• [What the task asks]:
Extract the full set of records, then give each one again exactly.

• [Source data]:
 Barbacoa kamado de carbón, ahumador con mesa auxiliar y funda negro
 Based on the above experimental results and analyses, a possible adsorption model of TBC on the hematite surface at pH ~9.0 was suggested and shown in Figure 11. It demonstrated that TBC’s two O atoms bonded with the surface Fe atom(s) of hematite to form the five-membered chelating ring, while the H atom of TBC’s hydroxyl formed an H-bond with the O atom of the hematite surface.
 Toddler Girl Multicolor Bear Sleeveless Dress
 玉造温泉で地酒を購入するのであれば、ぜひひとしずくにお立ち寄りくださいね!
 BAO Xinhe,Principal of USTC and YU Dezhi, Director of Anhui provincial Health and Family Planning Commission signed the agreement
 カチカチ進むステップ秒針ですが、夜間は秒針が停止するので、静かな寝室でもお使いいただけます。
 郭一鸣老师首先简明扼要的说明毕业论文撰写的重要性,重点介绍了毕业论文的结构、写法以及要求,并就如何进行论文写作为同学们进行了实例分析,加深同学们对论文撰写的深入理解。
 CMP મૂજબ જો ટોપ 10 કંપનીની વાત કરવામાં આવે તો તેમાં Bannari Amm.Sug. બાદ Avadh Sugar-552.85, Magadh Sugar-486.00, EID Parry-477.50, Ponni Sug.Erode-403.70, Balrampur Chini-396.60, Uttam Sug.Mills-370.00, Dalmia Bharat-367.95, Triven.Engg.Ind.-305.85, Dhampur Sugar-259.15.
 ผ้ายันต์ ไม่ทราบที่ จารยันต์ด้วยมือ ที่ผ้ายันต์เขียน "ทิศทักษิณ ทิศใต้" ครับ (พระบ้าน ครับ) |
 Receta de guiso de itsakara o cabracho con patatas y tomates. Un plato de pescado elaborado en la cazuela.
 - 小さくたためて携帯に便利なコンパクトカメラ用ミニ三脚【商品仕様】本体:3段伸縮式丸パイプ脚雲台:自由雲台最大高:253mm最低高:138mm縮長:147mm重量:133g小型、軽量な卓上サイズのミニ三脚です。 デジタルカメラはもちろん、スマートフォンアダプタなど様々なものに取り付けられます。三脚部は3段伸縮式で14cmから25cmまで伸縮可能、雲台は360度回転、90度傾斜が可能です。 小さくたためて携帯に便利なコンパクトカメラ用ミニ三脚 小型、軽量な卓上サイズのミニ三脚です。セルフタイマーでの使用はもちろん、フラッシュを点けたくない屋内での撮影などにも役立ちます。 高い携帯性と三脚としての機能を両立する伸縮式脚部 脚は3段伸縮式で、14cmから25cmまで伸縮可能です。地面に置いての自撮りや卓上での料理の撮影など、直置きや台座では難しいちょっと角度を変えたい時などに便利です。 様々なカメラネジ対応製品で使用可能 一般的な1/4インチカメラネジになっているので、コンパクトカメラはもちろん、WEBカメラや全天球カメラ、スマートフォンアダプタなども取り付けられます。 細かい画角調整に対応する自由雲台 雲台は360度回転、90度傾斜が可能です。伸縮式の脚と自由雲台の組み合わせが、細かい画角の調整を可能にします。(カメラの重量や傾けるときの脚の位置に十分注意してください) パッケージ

• [Answer space]:
 Barbacoa kamado de carbón, ahumador con mesa auxiliar y funda negro
 Based on the above experimental results and analyses, a possible adsorption model of TBC on the hematite surface at pH ~9.0 was suggested and shown in Figure 11. It demonstrated that TBC’s two O atoms bonded with the surface Fe atom(s) of hematite to form the five-membered chelating ring, while the H atom of TBC’s hydroxyl formed an H-bond with the O atom of the hematite surface.
 Toddler Girl Multicolor Bear Sleeveless Dress
 玉造温泉で地酒を購入するのであれば、ぜひひとしずくにお立ち寄りくださいね!
 BAO Xinhe,Principal of USTC and YU Dezhi, Director of Anhui provincial Health and Family Planning Commission signed the agreement
 カチカチ進むステップ秒針ですが、夜間は秒針が停止するので、静かな寝室でもお使いいただけます。
 郭一鸣老师首先简明扼要的说明毕业论文撰写的重要性,重点介绍了毕业论文的结构、写法以及要求,并就如何进行论文写作为同学们进行了实例分析,加深同学们对论文撰写的深入理解。
 CMP મૂજબ જો ટોપ 10 કંપનીની વાત કરવામાં આવે તો તેમાં Bannari Amm.Sug. બાદ Avadh Sugar-552.85, Magadh Sugar-486.00, EID Parry-477.50, Ponni Sug.Erode-403.70, Balrampur Chini-396.60, Uttam Sug.Mills-370.00, Dalmia Bharat-367.95, Triven.Engg.Ind.-305.85, Dhampur Sugar-259.15.
 ผ้ายันต์ ไม่ทราบที่ จารยันต์ด้วยมือ ที่ผ้ายันต์เขียน "ทิศทักษิณ ทิศใต้" ครับ (พระบ้าน ครับ) |
 Receta de guiso de itsakara o cabracho con patatas y tomates. Un plato de pescado elaborado en la cazuela.
 - 小さくたためて携帯に便利なコンパクトカメラ用ミニ三脚【商品仕様】本体:3段伸縮式丸パイプ脚雲台:自由雲台最大高:253mm最低高:138mm縮長:147mm重量:133g小型、軽量な卓上サイズのミニ三脚です。 デジタルカメラはもちろん、スマートフォンアダプタなど様々なものに取り付けられます。三脚部は3段伸縮式で14cmから25cmまで伸縮可能、雲台は360度回転、90度傾斜が可能です。 小さくたためて携帯に便利なコンパクトカメラ用ミニ三脚 小型、軽量な卓上サイズのミニ三脚です。セルフタイマーでの使用はもちろん、フラッシュを点けたくない屋内での撮影などにも役立ちます。 高い携帯性と三脚としての機能を両立する伸縮式脚部 脚は3段伸縮式で、14cmから25cmまで伸縮可能です。地面に置いての自撮りや卓上での料理の撮影など、直置きや台座では難しいちょっと角度を変えたい時などに便利です。 様々なカメラネジ対応製品で使用可能 一般的な1/4インチカメラネジになっているので、コンパクトカメラはもちろん、WEBカメラや全天球カメラ、スマートフォンアダプタなども取り付けられます。 細かい画角調整に対応する自由雲台 雲台は360度回転、90度傾斜が可能です。伸縮式の脚と自由雲台の組み合わせが、細かい画角の調整を可能にします。(カメラの重量や傾けるときの脚の位置に十分注意してください) パッケージ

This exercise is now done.